COVID-19 in the radiology department: What radiographers need to know
Review of literature suggests medical imaging and radiographers play important role in the diagnosis of COVID-19 patients.
Using their expertise and a range of state-of-the-art imaging technology and techniques, radiographers work with other healthcare professionals to delineate what disease or condition is causing a patient’s illness.
To respond to the COVID-19 pandemic, radiographers need to be equipped with the best information available to understand the potential risks posed by the virus to patient and practitioners, and to optimise imaging quality as a tool to facilitate more accurate diagnosis, management and follow up of suspected and confirmed cases of COVID-19.
At the time of its publication (3rd June, 2020), a recent review of the literature offered the most up-to-date recommendations for clinical practitioners in radiology departments, including radiographers, to fight COVID-19.
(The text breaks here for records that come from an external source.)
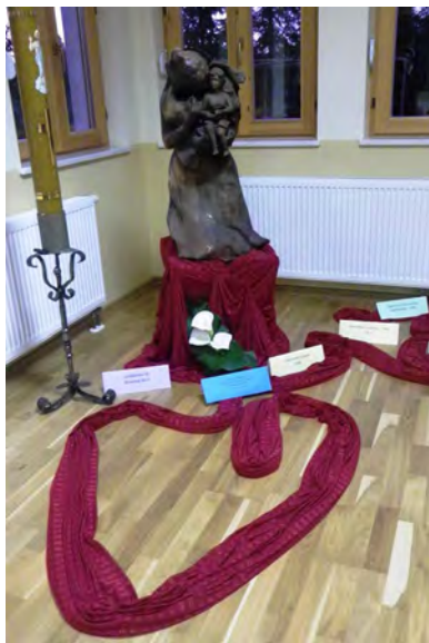
Iz Isusovog srca po Mariji nastajale su naše zajednice

va – izvoru svih milosti, zaštiti Bezgrješne Djevice Marije, našim nebeskim zaštitnicima, našem ocu Utemeljitelju, pokojnim sestrama koje su nam svojim životom svjedočile i prenijele u baštinu primljenu karizmu. Povjerimo naš rad i neumornim svjedocima radosnog navještaja Evandjelja širom svijeta, našim novim svecima papi Ivanu Pavlu II. i papi Ivanu XXIII.
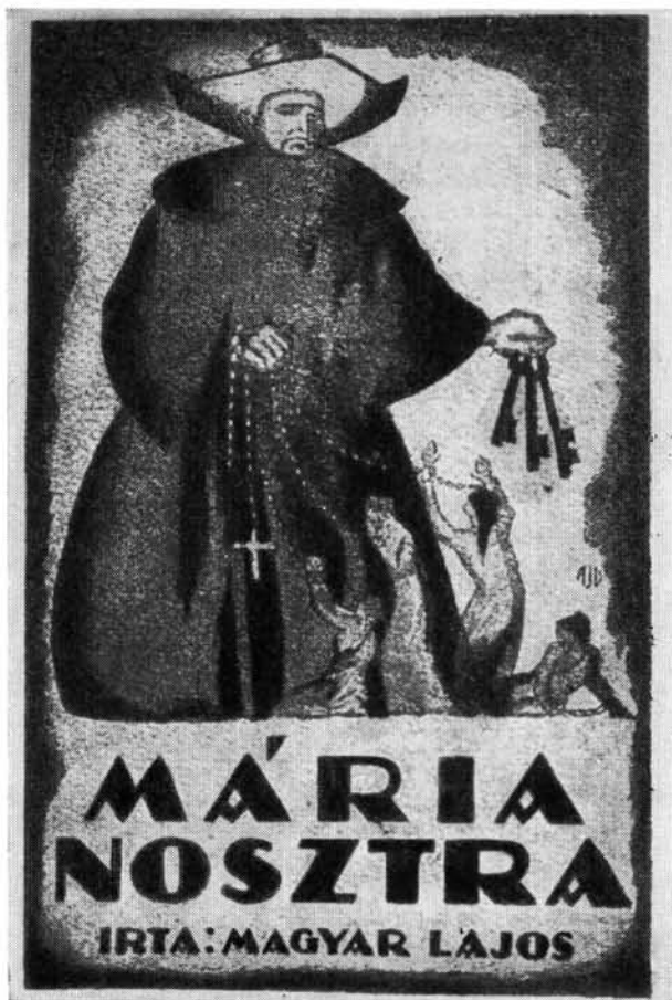
New Yorkban a Proletár Könyvkereskedés kiadásában megjelent riportsorozat a fehér terrorról
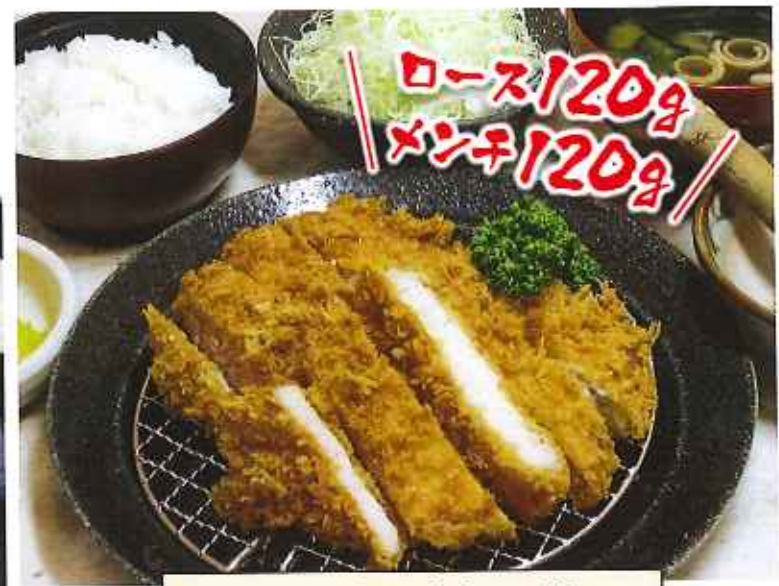
ローズ&メンチかつ膳 1,250円(8%税込)
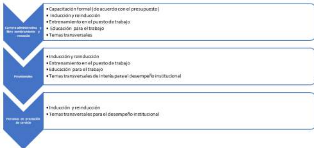
Figura 1. Acceso a actividades de capacitación de acuerdo con el tipo de vinculación

De acuerdo con la norma vigente, el Plan Institucional de Capacitación se encuentra dirigido a los servidores de carrera administrativa y libre nombramiento y remoción, y al personal militar de la Armada Nacional en comisión en la Dirección General Marítima. Sin embargo, permite la vinculación de los servidores en provisionalidad, por contrato de prestación de servicios y pasantes, a ciertos programas de capacitación.
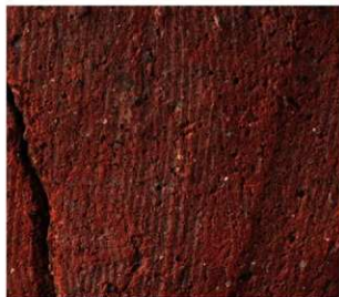
1 D区第3号填 (第337图2)
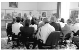
Εικ. 12. Ο πρόεδρος του Συλλόγου εκφωνεί και αυτός το λόγο του.
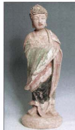
353 - Bouddha, en terre cuite H. : 65,5 cm.

3, rue de Montholon - 75009 PARIS Tél. 01 48 79 57 58

Authored by academics at the Department of Radiography at City, University of London and partner institutions, the review summarises best-evidence for first-line methods used to diagnose the virus, and provides more-in depth guidance on how medical imaging technologies can be used to support diagnosis; on safety procedures to follow, including the use of personal protective equipment (PPE); and the nuances around the consensus on recommendations at national and international level.
The review echoes well-documented evidence suggesting that chest x-rays should be the first-line imaging tool to support a diagnosis of COVID-19 in patients. The review also suggests that more complex CT (computed tomography) imaging of the chest should be reserved only for critically ill patients with an unexplained deterioration in their condition.
Dr Christina Malamateniou, Postgraduate Programme director (taught and research) for Radiography, City, University of London, who led he work, said:
We are excited of working together to produce something our radiography colleagues can use to update themselves on current guidance of imaging techniques and safety regulations applied for Covid-19. It is clear radiography practice will have to adapt for sometime while providing high quality services to all patients and particularly to Covid-19 patients, in this critical time.
“This paper is now the most read publication in the history of the Journal Radiography, where it was published, hopefully signifying the importance of timely and high quality information for our Radiography colleagues working on the frontline.”
The review was published in the Journal of Radiography.